Her party’s rise is the culmination of a decades-long process of image rehabilitation — and moderation — of a political wing started by Mussolini loyalists soon after World War II. Fratelli d’Italia is a descendant of an earlier, more extreme post-fascist party. Meloni has said that the Italian right long ago handed fascism “to history,” but her opponents say that her party still includes some fascist sympathizers.

Giorgia Meloni’s interview with The Washington Post

Italy’s right-wing parties, in banding together, have given themselves an overwhelming electoral advantage over the fragmented left, which failed, amid infighting, to create a comparable coalition. When polls were halted two weeks before the vote, a YouTrend projection showed the right-wing bloc commanding 45.9 percent of the support, compared with 28.5 for the center-left and 13.2 for the amorphous, vaguely anti-establishment Five Star Movement. Some pollsters say the Five Stars have made progress since that point by arguing for the preservation of their signature welfare plan — a so-called citizens’ income that is popular in the south. Meloni opposes it.
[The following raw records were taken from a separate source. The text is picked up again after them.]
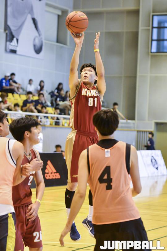 [점프볼=서울/홍기웅 기자] 5일 서울중앙고등학교 체육관에서 열린 '아디다스 크레이지코트 3on3' 결선 경기 대학 일반부 8강 목련과 픽미원 경기. 픽미원이 연장전을 점프슛으로 끝내고 있다.
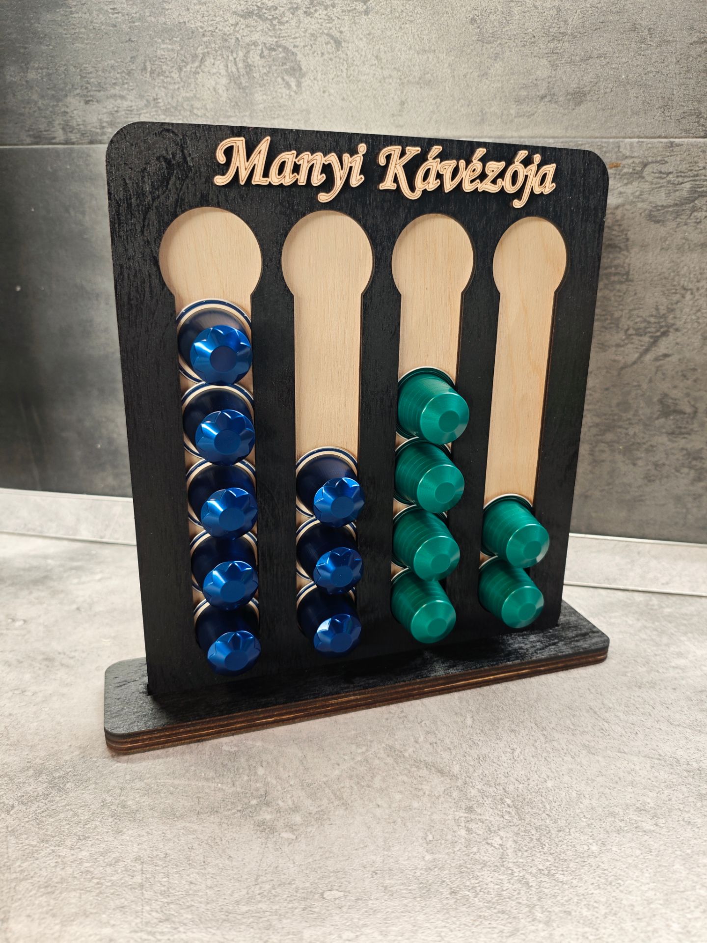Ez a kapszulatartó nemcsak megkönnyíti a mindennapokat, hanem dísze is lehet a konyhapultnak. Egyedi felirattal kiegészítve pedig tökéletes ajándék lehet bármilyen alkalomra.
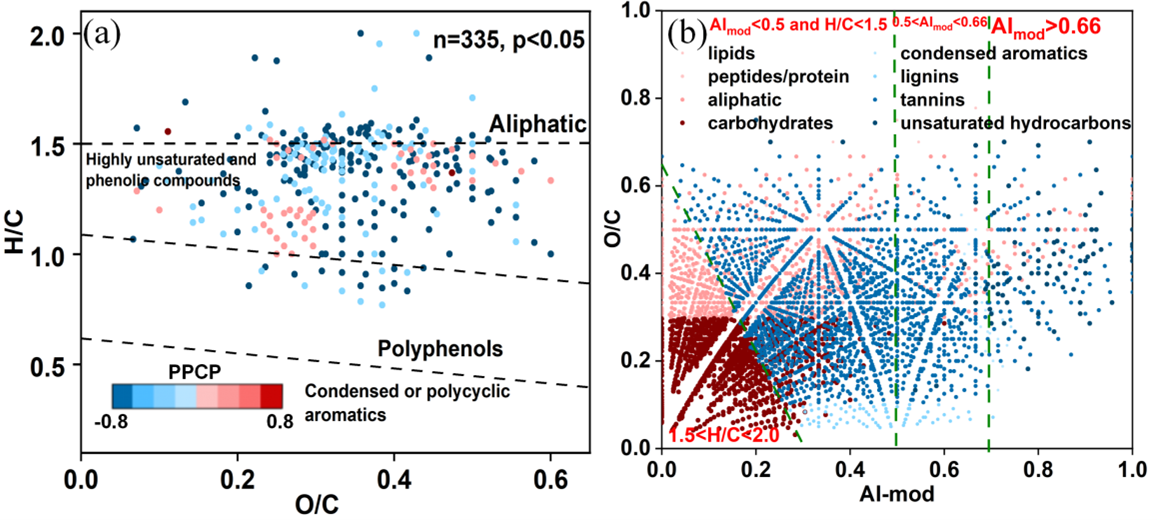 图3:(a) 单个分子与PPCPs浓度的显著Spearman等级相关系数 (p<0.05);(b) O/C与AI-mod值分布图
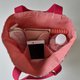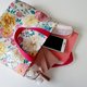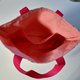 ピンクは、持ち手は元気よくビビットピンクを使用し、内側の布は表の花柄のピンクとも合うように濃いめのサーモンピンクを選んでみました。
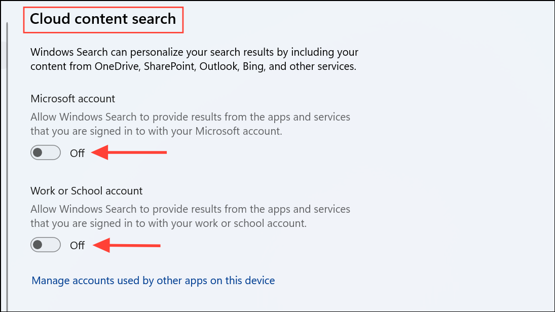 Step 3: In the Cloud content search section, turn off the toggles for Microsoft account and Work or school account. This prevents AI from using your cloud content for search suggestions.
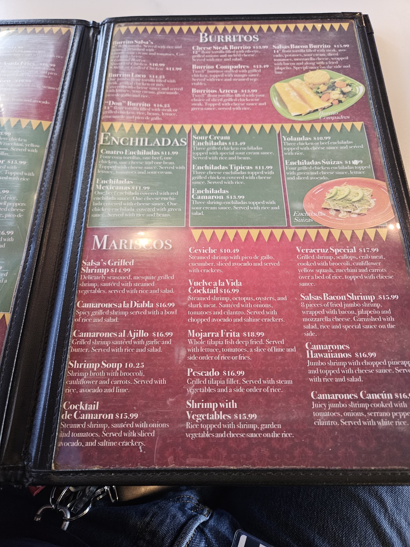 I think many may forget about Salsa's Grill. We live closer to Kandella and tend to eat there more often. So we've rediscovered this place as well. Haven't eaten there in years till April 2021. Went on a Saturday night @ 7 and was worried because there were only 8 customers in the whole place (it soon began to fill so we must have arrived at the right time 😁). Food is on par with most all similar restaurants in town as far as names, portions, and price. See pic of their Avocado Diet. Same name, look, and taste as Kandella's. My family and I have eaten there at least five times in the last month. Including the evening of Cinco de Mayo! Every time has been a good experience. Food is fast and plentiful. Drinks never go empty for long, if at all. I'm a big boy that likes to eat and tend to get the "Big Burrito" everywhere I go. Their Don Burrito (aka Burrito Oso and Big Burrito at other places) IS HUGE!!! This big boy got three (3) meals out of it! 😊. This place does not have a bar like Kandella's but definitely worth it for the food if that's what you are after. Parking lot is kinda small and will appear to be packed but it just seems that way. Even on Cinco de Mayo, we parked on the side in the back. Walked in and there were plenty of tables available without being right on top of other customers. Give...
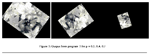 image1 is a Rivl image and p is a floating point value between 0 and 1. The first line calls im_scaleC to shrink image1 about its center by a factor of 1-p and assigns the result to image1. The second line calls im_rotateC to rotate image1 about its center by 360*p and again stores the result in image1. Figure 1 shows the effect of this fragment with several values of p.
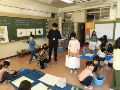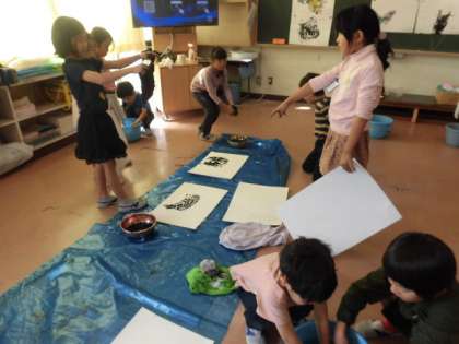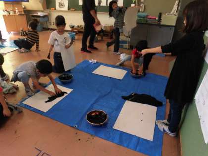 布に墨汁をつけ、下に置いてある画用紙に向けて上から落とします。その際にできた墨汁の形をカラスに見立て、作品を作っていきます。

Wolfango Piccoli, co-founder of the Teneo consultancy firm, noted that inroads made by the Five Stars, as well as the struggles of the far right League, make it unlikely that the right-wing bloc will win a two-thirds majority, one of its goals.

On the campaign trail, the leader of Italy’s left-center party, Enrico Letta, argued that if Italians hand power to the right, it would be doing a favor for Russian President Vladimir Putin, who has tried increasingly to sow strife in Europe — primarily by withholding energy exports — as his invasion of Ukraine has faltered.

Though Meloni has consistently backed Ukraine, other figures in her coalition have shown affection for Putin. Matteo Salvini has worn a shirt with Putin’s face on it and in 2017 signed a cooperation deal with the ruling United Russia party; he recently questioned the effectiveness of sanctions. Silvio Berlusconi once gifted Putin a duvet cover of the two men shaking hands, and days ago he suggested, falsely, that Putin was merely responding to the popular will of his people when he invaded, and intended to replace the Zelensky government with “decent people.”

There are reasons, beyond Russia, that Europe is on edge about the outcome.

Within Meloni’s party there’s a deeply held sentiment that European integration should be limited, and that nations should be able to define themselves rather than taking directives from Brussels. That could in theory spark Italy to play a more obstructionist role on key issues such as migration or foreign affairs.

Any differences would be jarring because, for the last year-and-a-half, Italy has been led by Mario Draghi, a former central banker who helped save the euro zone from crisis a decade ago and has a sterling reputation in Brussels.

“It will be the first time that one of the big E.U. countries is under the mold of somebody who is not pro-Europe,” Letta told The Post.

Italy’s election will likely bring the far right to power. Here’s why.

On Thursday, European Commission President Ursula von der Leyen said Europe has the “tools” to contend with Italy if things go in a “difficult manner,” in an apparent reference to the proposed fund cuts aimed at Hungary over corruption.

Even if Italy’s electoral outcome is clear, it will take weeks until a prime minister is named — only after parliament is formally seated. At that point, Italian President Sergio Mattarella will begin consultations with the new parliamentary leaders and representatives from the parties, on forming a cabinet and selecting a prime minister.

Some pollsters have said that turnout could be even lower than the 73-percent level of 2018, which at the time marked a record low. The rapid turnover of governments —generally before leaders have time to follow through on promises — has amplified a sense of alienation. Twice in the last three years Italy staved off snap elections with backroom deals to form new coalitions, as parties shape-shifted, joined hands, and then bickered with one another.

The last such deal brought about Draghi in a broad-based government that included every party by Fratelli d’Italia. While Draghi was personally popular, his coalition was undone when several parties withdrew their support.